I'll see if I can get you an answer.

Also, you could PM *TedDeBearFrmHell*. He's a gunsmith.

*Later:*
OK, I've got it. See: http://stevespages.com/ipb-remington-doublederringer.html
(No, I'm not that Steve.)

You may need some sort of clamp, or a third hand.
Remove the hammer and its associated parts. Remove both grips.
Place the mainspring into the grip frame "crosswise," so that it projects out both sides of the grip frame, but the screw holes are close to lining up.
Keeping the spring crosswise, line-up the screw holes and insert the screw. (Here's where you may need a clamp or a third hand.) Tighten it, but allow the spring to "wiggle."
Rotate the spring into the grip frame.
Install the hammer. Maybe you can hook the spring with the hammer stirrup, and still insert the hammer screw; but if you can't, use your clamp on the spring after the hammer is well in place.
Tighten the spring screw. Tighten the hammer screw.


----------



## TedDeBearFrmHell (Jul 1, 2011)

just read this steve and you did exactly what i was gonna have to do.... only seen the pistol, never worked on one


----------



## Skyking (May 18, 2011)

*Thanks*



TedDeBearFrmHell said:


> just read this steve and you did exactly what i was gonna have to do.... only seen the pistol, never worked on one


Thanks guys. I'm working on it now. Now I can't seem to get the hammer/trigger out again. I guess I must be having a bad day. I'll let y'all know how it all turns out.


----------



## Skyking (May 18, 2011)

OK; it's back together again, with the exception of the spring retainer screw. I figured the spring would go into the frame sideways with the hammer/trigger installed, just as well as it would with them out. The spring won't fit sideways into the frame either way. The arch is too tall. I'm right back where I started. Anyone else have any ideas?


----------



## Steve M1911A1 (Feb 6, 2008)

You need some sort of spring clamp.
Try padding the jaws of an adjustable locking pliers, so it won't scratch anything.


----------



## Skyking (May 18, 2011)

*Got 'er done!*



Steve M1911A1 said:


> You need some sort of spring clamp.
> Try padding the jaws of an adjustable locking pliers, so it won't scratch anything.

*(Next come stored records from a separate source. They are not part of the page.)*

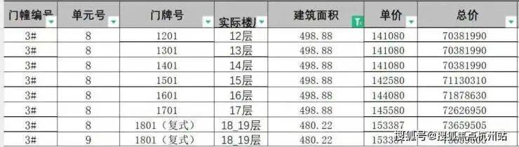一房一价表:
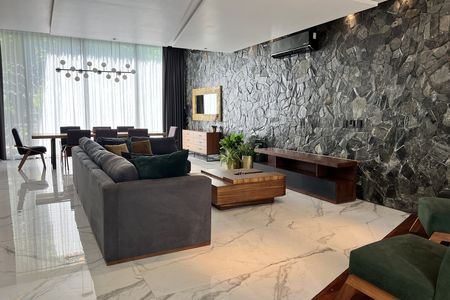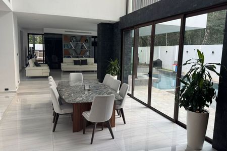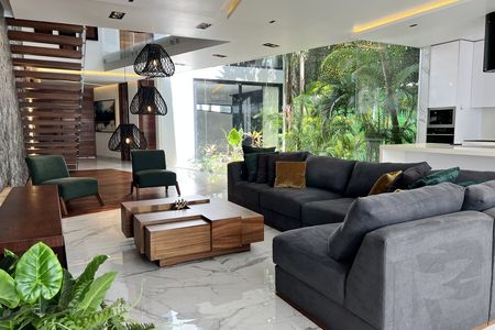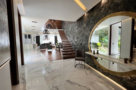 Entrada espectacular con un bello espejo de agua , maravillosa doble altura y un grandioso jardín interior .
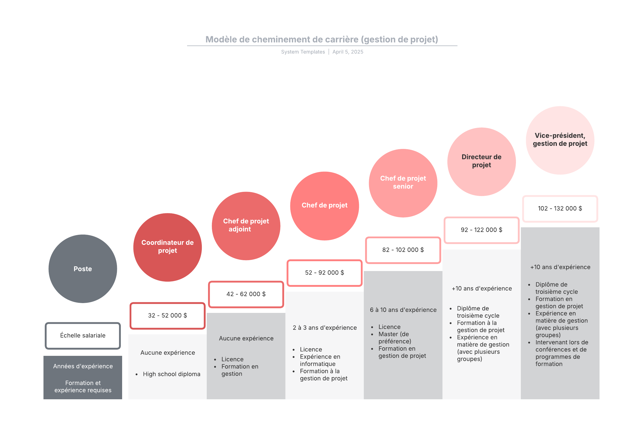 Ouvrez ce modèle pour afficher un exemple détaillé de cheminement de carrière en gestion de projet que vous pouvez personnaliser selon votre cas d'utilisation.
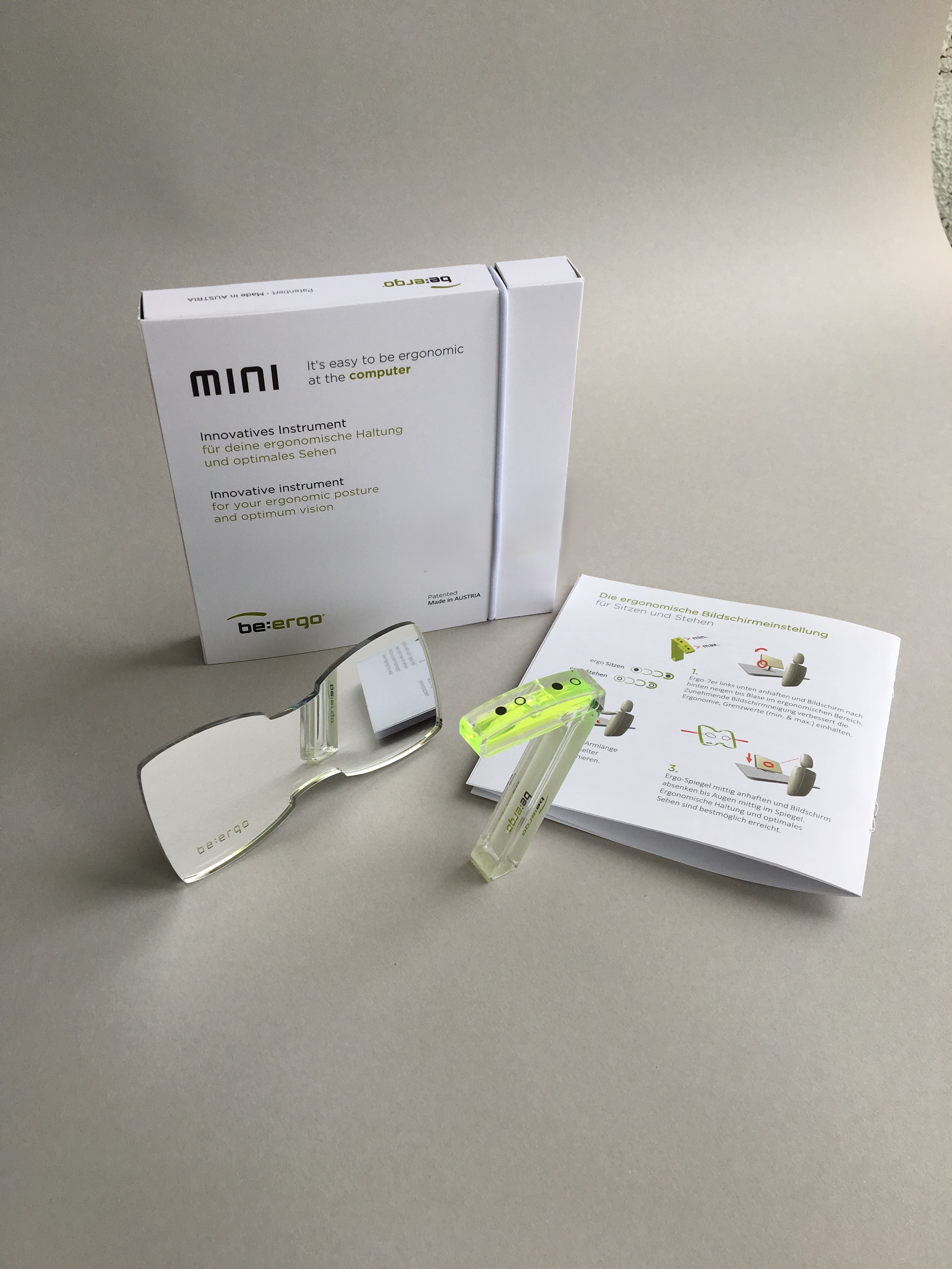 be:ergo MINI - das innovative Instrument für die regelmäßige gesunde Justierung von Bildschirm, Laptop und Tablet. Für mehr Wohlbefinden bei der täglichen Bildschirmarbeit.

Thanks Steve; but I had already got it done. It was a two step process, starting with the spring in the frame and hooked into the stirrup. Then levered down on top of the spring with a screw driver to line up the holes, and get the screw started. Then with a needle nose vice grip, and leather pad on the flat of the spring; I was able to get the spring flat tight against the frame, and turn the screw into full tighten. Released the pliers, and then replaced the firing pin ratchet spring, and then the grips. Yahoo!:smt033


----------



## Steve M1911A1 (Feb 6, 2008)

Nice work!


----------